Introduction to Data Wrangling using R and tidyverse
- Level(s) of Study: Short course
- Start Date(s): 26 April 2023
- Duration: Wednesday to Thursday 9.30 am - 5.30 pm
- Study Mode(s): Short course
- Campus: City Campus
On this two-day course, you will gain a comprehensive practical introduction to data wrangling using R. In particular, we focus on tools provided by R's `tidyverse`, including `dplyr`, `tidyr`, `purrr`, etc. Data wrangling is the art of taking raw and messy data and formating and cleaning it so that data analysis and visualization etc may be performed on it. Done poorly, it can be a time consuming, labourious, and error-prone. Fortunately, the tools provided by R's `tidyverse` allow us to do data wrangling in a fast, efficient, and high-level manner, which can have dramatic consequence for ease and speed with which we analyse data.
This course is aimed at anyone who is involved in real world data analysis, where the raw data is messy and complex.
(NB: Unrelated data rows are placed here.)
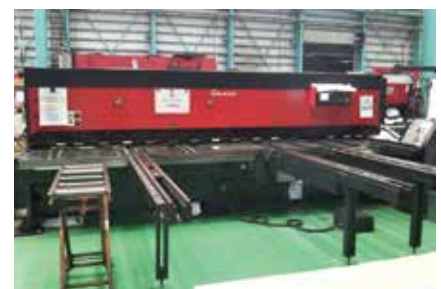
積極的な設備投資（2019年8月導入）

生産量が増加するなか、ボトルネックの解消や設備の負荷状況から積極的に設備投資を実施。業務の効率化、品質向上、生産の合理化に繋げている。また、従業員の長時間労働の解消にも寄与している。設備導入に合わせて生産ラインも見直したことで作業時間が短縮し、生産性の向上、受注量の拡大にも寄与している。進捗管理システムを導入したことで、工場内全体で作業が見える化できた結果、瞬時に作業内容の把握ができるようになった。
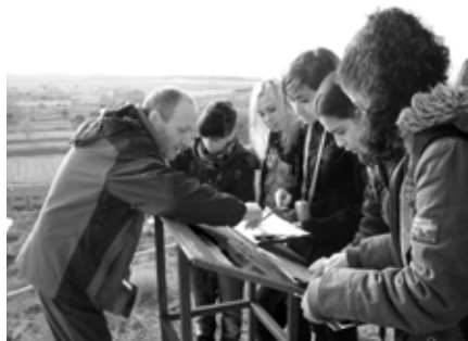
Figura 5. Observant en els plafons la localització de les tropes en el front.

Aquesta proposta és un treball cooperatiu que demana a l'alumnat d'adoptar la posició d'un corresponsal de guerra estranger enviat al cap de pont de Balaguer i fer una crònica per
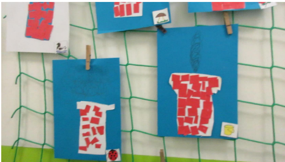
Příloha č. 13 – Obrázek komína a kouře 79
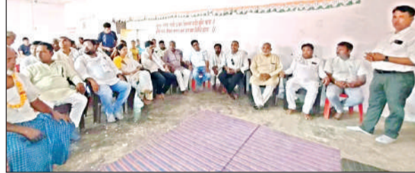
संविधान बचाओ सम्मेलन में मौजूद कांग्रेसी नेता।
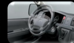
Ajuste del volante
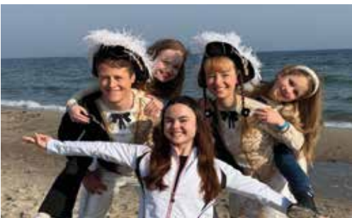
Tanzen vor der Traumkulisse - die Solisten und unser Tanzpaar hat es beflügelt

Data analysis of this kind is practiced widely throughout academic scientific research, as well as widely throughout the public and private sectors.
Level: CPD, Advanced / Professional
The course will cover these key topics:
- Reading in data into R using tools such as readr and readxl
- Wrangling with the powerful `dplyr` R package, focusing on filtering observations, selecting and modifying variables, and other major data manipulation operations
- Summarising data in `dplyr` using descriptive statistics
- Merging and joining data independent data frames
- Pivoting and reshaping data using the `tidyr` R package
The course will take 6 contact hours per day plus two 2-hour breaks.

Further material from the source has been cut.